● WORK INSTRUCTION: Return every record in full. Match each one exactly.

● Source records:
+++
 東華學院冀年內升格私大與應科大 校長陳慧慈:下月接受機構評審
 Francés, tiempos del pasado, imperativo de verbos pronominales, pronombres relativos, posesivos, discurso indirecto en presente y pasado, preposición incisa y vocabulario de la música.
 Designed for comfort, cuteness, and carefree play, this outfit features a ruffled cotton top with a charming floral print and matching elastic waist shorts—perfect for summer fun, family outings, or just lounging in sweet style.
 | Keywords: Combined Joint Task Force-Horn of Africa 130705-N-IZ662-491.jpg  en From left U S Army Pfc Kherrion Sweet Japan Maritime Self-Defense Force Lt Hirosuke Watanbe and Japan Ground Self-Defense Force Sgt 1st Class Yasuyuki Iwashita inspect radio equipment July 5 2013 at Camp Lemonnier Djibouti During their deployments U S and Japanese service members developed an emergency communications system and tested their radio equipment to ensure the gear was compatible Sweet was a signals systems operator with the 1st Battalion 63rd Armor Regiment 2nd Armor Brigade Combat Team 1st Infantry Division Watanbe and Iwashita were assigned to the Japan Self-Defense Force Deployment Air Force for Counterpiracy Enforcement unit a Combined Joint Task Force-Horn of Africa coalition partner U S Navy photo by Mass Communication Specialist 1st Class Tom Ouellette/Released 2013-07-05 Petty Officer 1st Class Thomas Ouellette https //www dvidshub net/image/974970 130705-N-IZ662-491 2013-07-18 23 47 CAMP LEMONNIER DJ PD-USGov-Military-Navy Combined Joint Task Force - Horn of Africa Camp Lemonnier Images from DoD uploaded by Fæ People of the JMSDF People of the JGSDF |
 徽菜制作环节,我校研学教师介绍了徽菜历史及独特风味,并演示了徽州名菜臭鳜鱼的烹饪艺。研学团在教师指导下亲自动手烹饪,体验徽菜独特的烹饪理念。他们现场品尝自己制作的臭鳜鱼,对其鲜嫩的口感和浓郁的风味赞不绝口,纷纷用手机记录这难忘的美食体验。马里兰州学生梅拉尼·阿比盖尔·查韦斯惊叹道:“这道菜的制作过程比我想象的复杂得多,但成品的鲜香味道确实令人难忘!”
+++
● THE COMPLETED TASK:
 東華學院冀年內升格私大與應科大 校長陳慧慈:下月接受機構評審
 Francés, tiempos del pasado, imperativo de verbos pronominales, pronombres relativos, posesivos, discurso indirecto en presente y pasado, preposición incisa y vocabulario de la música.
 Designed for comfort, cuteness, and carefree play, this outfit features a ruffled cotton top with a charming floral print and matching elastic waist shorts—perfect for summer fun, family outings, or just lounging in sweet style.
 | Keywords: Combined Joint Task Force-Horn of Africa 130705-N-IZ662-491.jpg  en From left U S Army Pfc Kherrion Sweet Japan Maritime Self-Defense Force Lt Hirosuke Watanbe and Japan Ground Self-Defense Force Sgt 1st Class Yasuyuki Iwashita inspect radio equipment July 5 2013 at Camp Lemonnier Djibouti During their deployments U S and Japanese service members developed an emergency communications system and tested their radio equipment to ensure the gear was compatible Sweet was a signals systems operator with the 1st Battalion 63rd Armor Regiment 2nd Armor Brigade Combat Team 1st Infantry Division Watanbe and Iwashita were assigned to the Japan Self-Defense Force Deployment Air Force for Counterpiracy Enforcement unit a Combined Joint Task Force-Horn of Africa coalition partner U S Navy photo by Mass Communication Specialist 1st Class Tom Ouellette/Released 2013-07-05 Petty Officer 1st Class Thomas Ouellette https //www dvidshub net/image/974970 130705-N-IZ662-491 2013-07-18 23 47 CAMP LEMONNIER DJ PD-USGov-Military-Navy Combined Joint Task Force - Horn of Africa Camp Lemonnier Images from DoD uploaded by Fæ People of the JMSDF People of the JGSDF |
 徽菜制作环节,我校研学教师介绍了徽菜历史及独特风味,并演示了徽州名菜臭鳜鱼的烹饪艺。研学团在教师指导下亲自动手烹饪,体验徽菜独特的烹饪理念。他们现场品尝自己制作的臭鳜鱼,对其鲜嫩的口感和浓郁的风味赞不绝口,纷纷用手机记录这难忘的美食体验。马里兰州学生梅拉尼·阿比盖尔·查韦斯惊叹道:“这道菜的制作过程比我想象的复杂得多,但成品的鲜香味道确实令人难忘!”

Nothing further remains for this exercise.